------ Provided data

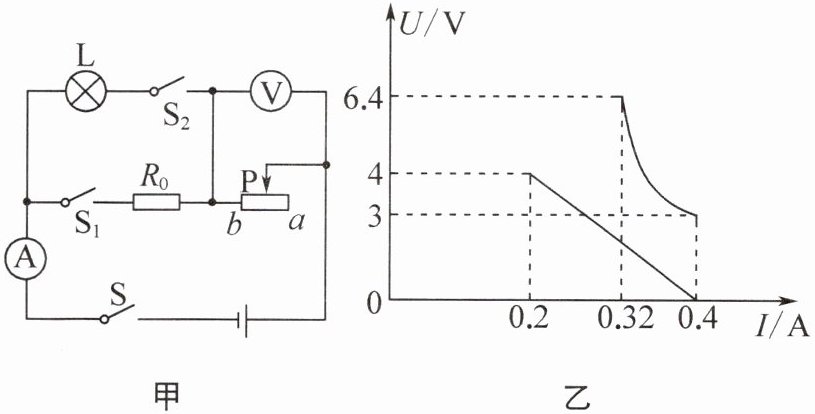 4. 如图甲所示,电源电压不变,电流表的量程0~0.6 A,电压表的量程为0~15 V,小灯泡的参数模糊不清,第一次只闭合开关S、$S_{1}$,保证电路的安全,将滑动变阻器的滑片P在最大范围内移动;第二次只闭合开关S、$S_{2}$,保证电路的安全,将滑动变阻器的滑片P在最大范围内移动。图乙是根据这两次实验绘制的电压表与电流表示数关系的图像。下列选项错误的是 (
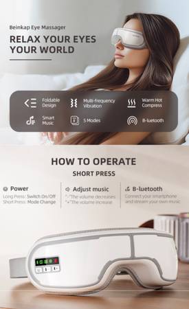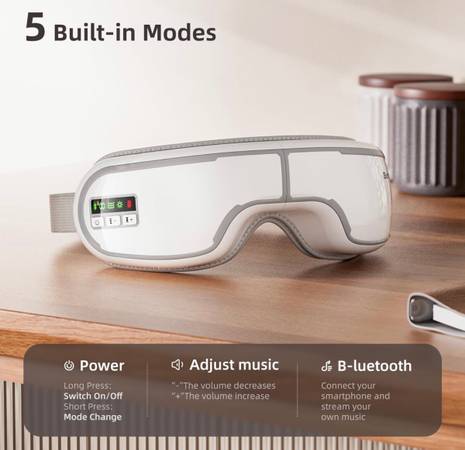 Enjoy Multi-functional Comfort: Beinkap eye massager can switch modes at will, offers 5 modes and customizable music(Notice: For each mode, that different modes have different experiences). You can also make the machine with your phone or tablet to play your favorite playlist on speaker while massaging your eyes. Device Name: YBY
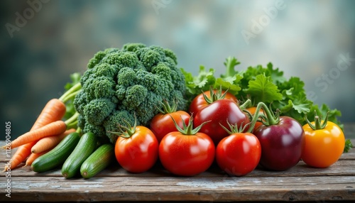 Freshly Harvested Colorful Vegetables Arranged on Rustic Table
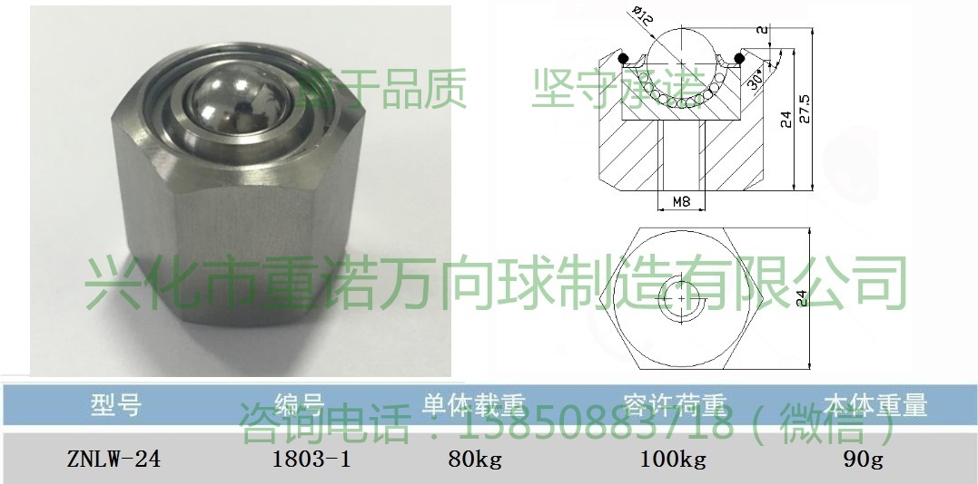 此款万向球为外六角带丝杆型,使用方便,安装时只需在工作台面钻一个螺纹安装孔就可以靠螺杆安装固定,标配40Cr精车成型表面镀铬,球为轴承钢,可以选配主球尼龙球,或者全不锈钢型。
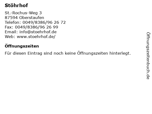 | Öffnungszeiten Stöhrhof in Oberstaufen anzeigen | |

------------

# Assignment
Keeping pictures out, repeat exactly the lines from the one containing "Freshly Harvested Colorful" through the end of the listing.

# Answer box
 Freshly Harvested Colorful Vegetables Arranged on Rustic Table
 此款万向球为外六角带丝杆型,使用方便,安装时只需在工作台面钻一个螺纹安装孔就可以靠螺杆安装固定,标配40Cr精车成型表面镀铬,球为轴承钢,可以选配主球尼龙球,或者全不锈钢型。
 | Öffnungszeiten Stöhrhof in Oberstaufen anzeigen | |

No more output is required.